That leaves enough time to allow the software of the availability
engine 131 to determine how to react to the event of the timeout.
Normally, that involves a reboot; however, the software in the
availability engine 131 can elect not to reboot. When developing or
testing the functions of a new availability engine 131, the cause
of a timeout is more easily determined if the availability engine
131 doesn't reboot. Also, before rebooting, the software has the
opportunity to log additional information about the state of the
availability engine. This is important for effective diagnostic
analysis. When the hardware-based timer sets off, that triggers an
immediate reboot of the availability engine. If this is the case,
the software has no control and has no opportunity to log any
additional diagnostic information.
[0037] The disadvantage of the software-based timer is that if a
problem occurs while interrupts are disabled, the software-based
timer won't set off. That includes any problem that occurs inside
of an interrupted service routine. The hardware-based timer is
always functional. The two timers are set up such that the more
useful software-based timer will be triggered first, but the
hardware-based timer will set off if the software-based timer fails
to do so. If the software-based timer does set off, the
hardware-based timer is then disabled to prevent it from also
setting off.
[0038] The availability engines 131 implement an in-band FCs
"heartbeat" handshake between the availability engines 131 in the
availability engine cluster. If an availability engine 131 goes
offline, the other availability engines 131 are notified through
the FCs about this event. However, it is possible for FCs to
misbehave. There are also certain types of hardware failures that
have been known to result in a port appearing to be reachable, when
in fact it is not. The purpose of the heartbeat is to detect and
deal with problems of this sort.
[0039] In addition to the FC heartbeat, availability engines 131
also implement a second heartbeat, the Ethernet-based heartbeat.

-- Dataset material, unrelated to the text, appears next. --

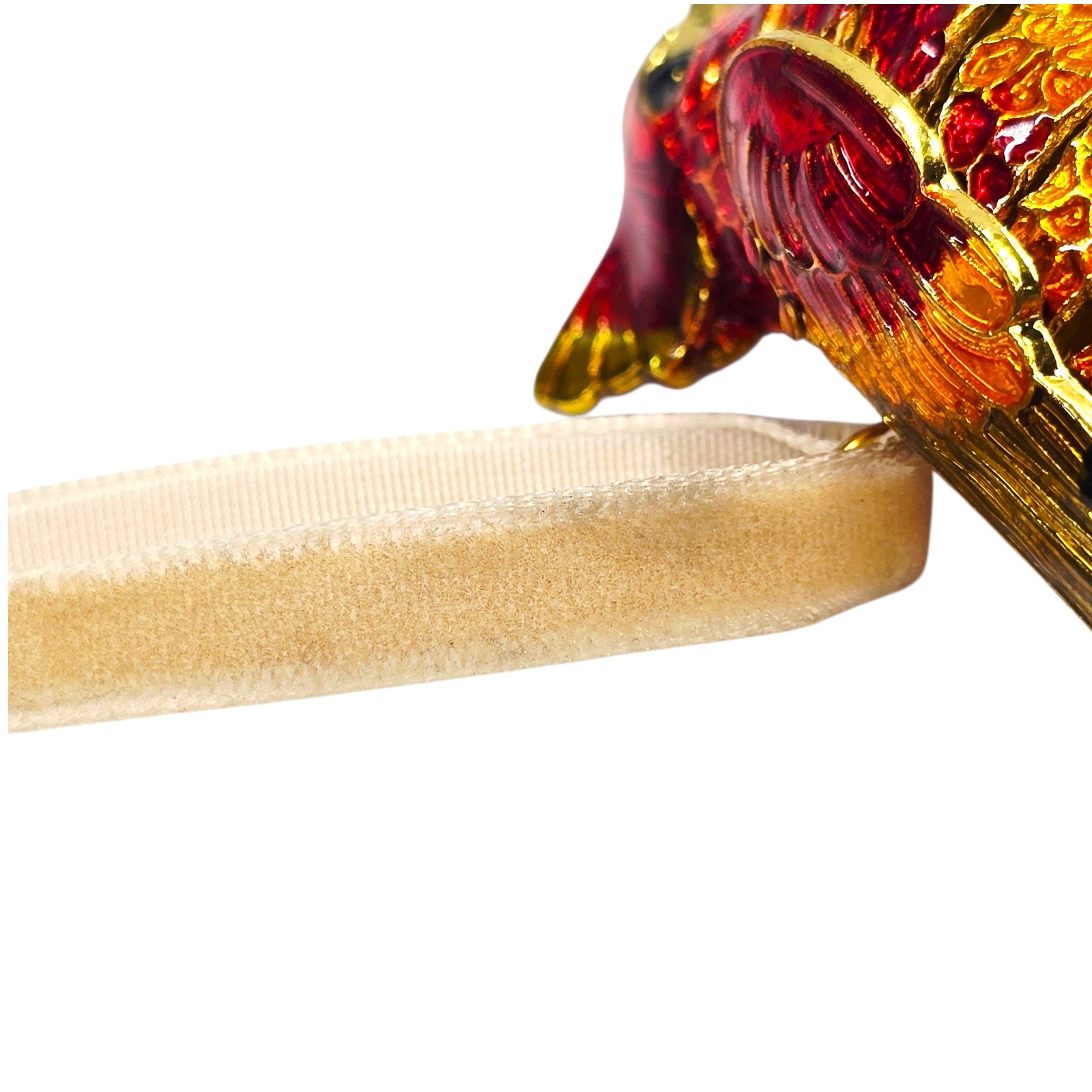 Beautiful red and gold cloisonné-style enamel bird ornament with gold-tone metal detailing and velvet ribbon for hanging. Original Pier 1 Imports box included. Measures about 3.5″ H × 5″ L. Perfect as a Christmas tree ornament or elegant gift.

The use of the Ethernet heartbeat is optional and is generally
reserved for the cases when the availability engine cluster is
spread over two or more sites or separated by a significant
distance. In such cases, FC communications between sites are often
routed through a single high-speed "pipe". But a single failure can
break this pipe, resulting in the isolation of the sites.
[0040] It is a very serious matter if two remote sites, each
containing one or more availability engines 131 of the same
availability engine cluster, become isolated. The availability
engines 131 at each site continue to operate the mirrored LUs
independently by using only the mirror member(s) located at its own
site. When the isolation is corrected and the sites are rejoined,
it is not possible to correctly re-synchronize the mirrored LUs.
That leads to data corruption. This data corruption can be avoided
by having the isolated sites to cease operation until they are
rejoined or given instructions by the administrator.
[0041] When developing and testing the functions of a new
availability engine 131, the self-recovery reboot function is
typically turned off. This is because analyzing the problem is more
important than recovering from the problem. In the end-user
environment, this is not the case. However, gathering as much
information as possible about the problem is still important.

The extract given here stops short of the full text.